Studio album by Tree63
- Released: November 22, 2005
- Recorded: Blazing Sound Studios Bridge Street Studios
- Genre: Christian rock
- Length: 73.5
- Label: Inpop Records
- Producer: John Ellis Jeremy Hunter Bobby Blazier Ted T

Tree63 chronology
| The Answer to the Question (2004) | Worship Volume One: I Stand for You (2005) | Blessed Be Your Name: The Hits (2008) |

= Worship Volume One: I Stand for You =

Worship Volume One: I Stand For You is Tree63's fourth album.
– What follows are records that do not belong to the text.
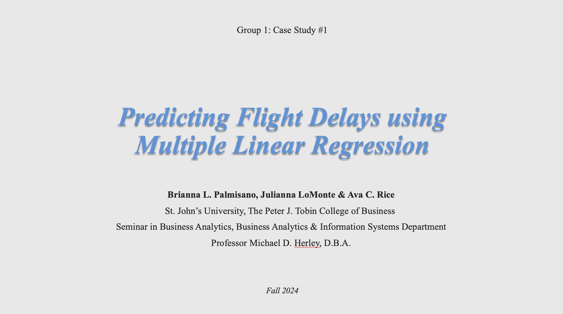 This project explores flight delays using Multiple Linear Regression (MLR), identifying key factors that influence late arrivals. By analyzing 3,593 observations from 14 airline carriers, we build a predictive model that helps airlines optimize operations, reduce costs, and improve scheduling efficiency.
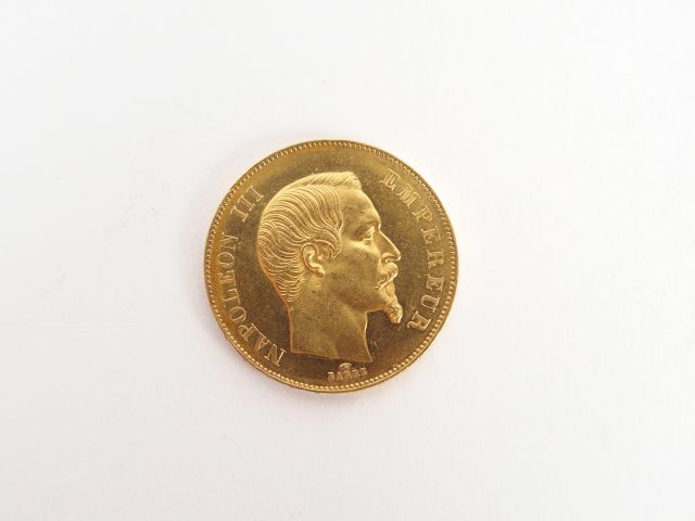 Pièce de 50 Francs or Napoléon Empereur tête nue, 1855-A. Poids: 16,2gr
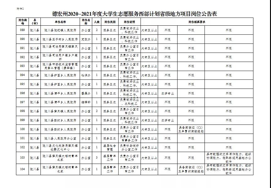 根據(jù)共青團中央 教育部 財政部 人力資源和社會保障部《關(guān)于印發(fā)<2020-2021年度大學(xué)生志愿服務(wù)西部計劃實施方案>的通知》(中青聯(lián)發(fā)〔2020〕6號)、云南省大學(xué)生志愿服務(wù)西部計劃項目管理辦公室《關(guān)于開展大學(xué)生志愿服務(wù)西部計劃相關(guān)工作的通知》等文件精神,現(xiàn)將德宏州2020-2021年度大學(xué)生志愿服務(wù)西部計劃省級地方項目志愿者招募工作有關(guān)事項公告如下。

It features 5 new songs, 4 live recording off Tree63 songs, a cover of Matt Redman's Nothing But The Blood, new versions of "I Stand For You" and "Have You Way" and a live recording of John Newton's Amazing Grace.

==Track listing==
1. "No Other"
2. "Treasure" (Live)
3. "I Will Never Be the Same"
4. "Joy" (Live)
5. "I Stand For You" (New Version)
6. "All Over the World"
7. "Lift"
8. "Nothing But the Blood"
9. "King" (Live)
10. "Have Your Way" (New Version, original from 63)
11. "Great Kindness"
12. "Look What You've Done" (Live)
13. "Amazing Grace" (Live)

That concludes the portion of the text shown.